At a time when America faces multiple geopolitical challenges around the world, lax regulations are providing an opening for foreign adversaries to gain access to sensitive corporate information and American trade secrets here at home. Given the importance of strong intellectual property protections for a number of strategically important sectors to the United States — including aerospace, defense, biotech and energy — it is imperative that we correct this oversight for the sake of national security.

The issue specifically stems from mass tort litigations — personal injury legal actions that allege someone (typically a large company) has provided a product or service that has caused harm to multiple plaintiffs, hundreds or even thousands of them in some cases. Mass torts can be a huge profit center for attorneys who specialize in them, as litigators generally take a significant share of awards or settlements. With payouts sometimes reaching hundreds of millions of dollars, this has attracted the attention of the investment industry and has led to the advent of “patent monetization” firms.

Since mass tort litigation often requires significant capital to stand up, a network of third-party financiers has emerged to provide the upfront money for all the advertising and other costs of mounting a huge lawsuit — in exchange for the promise of significant payouts. However, when those outside funders happen to be foreign nations, they can take more than just money from the companies they are targeting.

Financial backers of all kinds are generally allowed to remain anonymous, so secretly bankrolling mass torts can give foreign companies and the governments that control them access to sensitive data and trade secrets that are disclosed in the course of legal proceedings. This access could potentially endanger U.S. national security or provide foreign state-backed businesses an unfair advantage over American counterparts in the same industry.

China for instance, with its longstanding and well-earned reputation for industrial espionage, may be using such maneuvers to launch new attacks on American intellectual property. In previous years it was thought that their attempts to obtain corporate secrets were conducted with a goal of catching up to advanced American technologies. But it has become increasingly clear that their objective now is to eliminate global competition by displacing American companies, and funding mass tort litigation could become a new tool in their arsenal.

This threat is not merely theoretical.

Last March, China’s 14th National People’s Congress approved a plan to upgrade its National Intellectual Property Administration to a top-level agency under the State Council, saying that “the building of a powerful intellectual property nation shall be accelerated, and the levels of creation, utilization, protection, management and service of intellectual property shall be comprehensively improved.”

In April 2022, U.S. District Court Judge Colm Connolly issued a standing order requiring patent litigants to disclose all third-party funding. In one case last year, this revealed that a Shenzhen, China-based firm, Purplevine IP, was funding the IP lawsuits brought by Staton Techniya against Samsung and a subsidiary.

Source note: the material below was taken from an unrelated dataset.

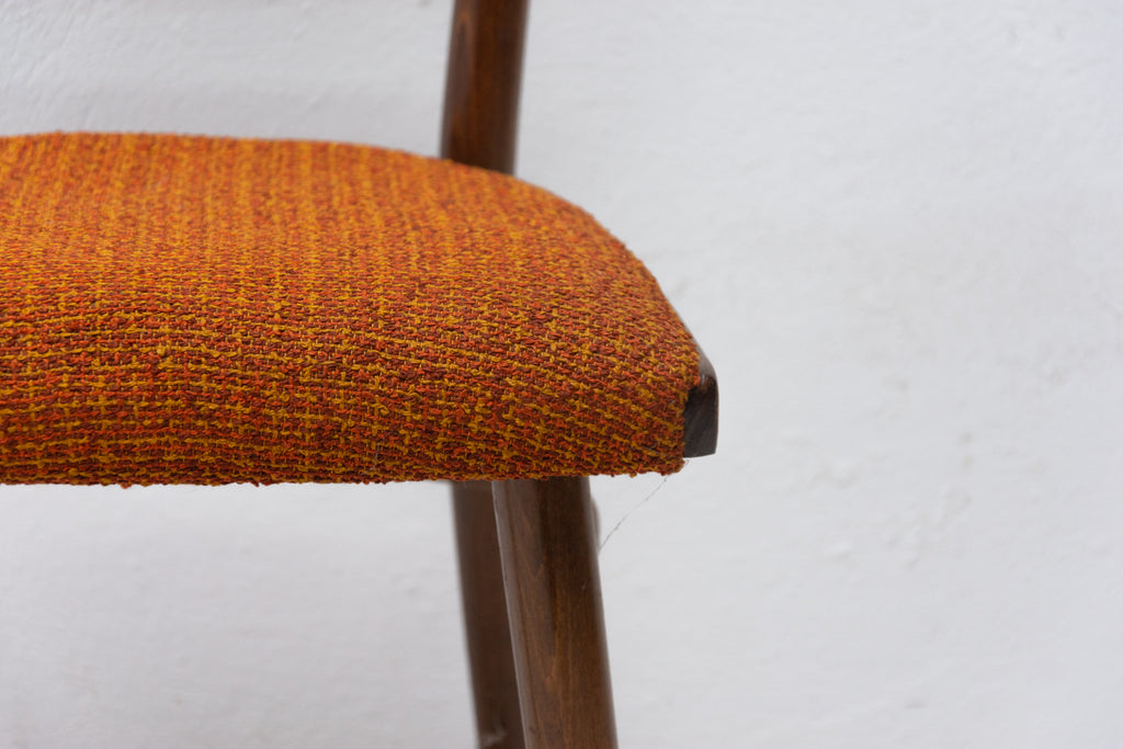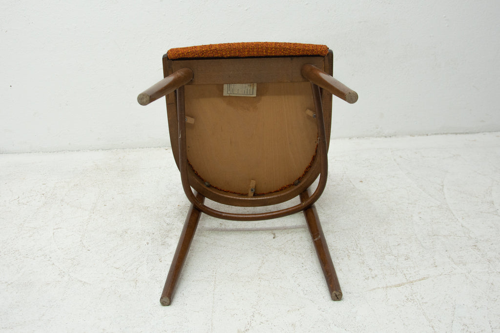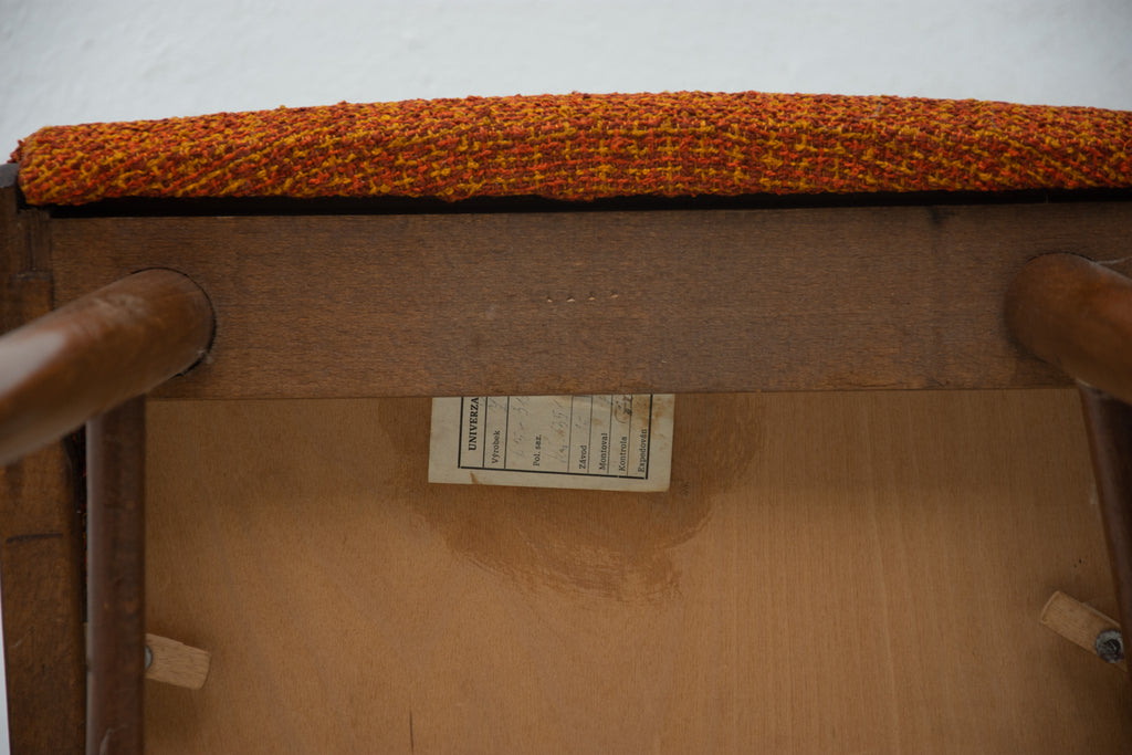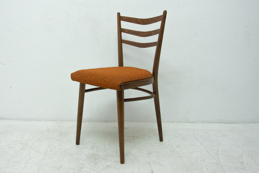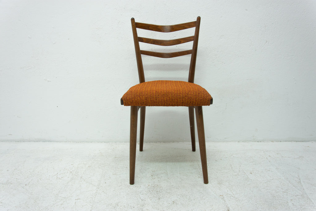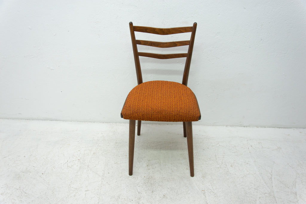 These Czechoslovak dining chairs were made in the 1960´s. It was produced by Univerzal Prostějov company. It´s made of dark stained beech wood.

Such revelations, and the fact that foreign third-party litigation funders can also use their investments to disrupt our economic system, have prompted the U.S. senators representing Florida to push for disclosure requirements for foreign financiers. In a letter they sent to multiple Chief Judges in the state, the senators wrote:

“Most alarmingly, these foreign funders have the potential to provide hostile foreign actors with sufficient sway to exert undisclosed influence on litigation moving through the federal judiciary, including litigation related to critical infrastructure. Foreign actors attempting to capitalize on such influence may seek to, among other things, advance frivolous lawsuits, needlessly and excessively prolong litigation disputes, exacerbate domestic discord, or seize control of the litigation from the case’s original parties. Tactics such as these, which seek to exploit the openness of American institutions and undermine critical infrastructure sectors, are frequently done by foreign adversaries, particularly China, are not in the strategic interest of the United States, and serve as an example of the need to defend the U.S. against hostile foreign actors seeking to undermine our national interests.”

Establishing clear disclosure requirements that would prevent foreign funders from gaining access to sensitive information that they can use against the United States would be an encouraging first step toward protecting American intellectual property and the critical industries it underpins. It would also keep domestic third-party funders, such as hedge funds or private equity firms, from covertly influencing mass tort settlements and strategic case decisions to benefit them instead of their actual plaintiffs.

Fortunately, some states, including New York, California and Florida, have already instituted third-party litigation funding disclosure rules. The European Union is looking at adopting similar requirements across its member states and America as a whole would also be wise to follow suit. The alternative — allowing litigation funded by foreign adversaries to “potentially delay technology critical to national security” — is simply too great a risk.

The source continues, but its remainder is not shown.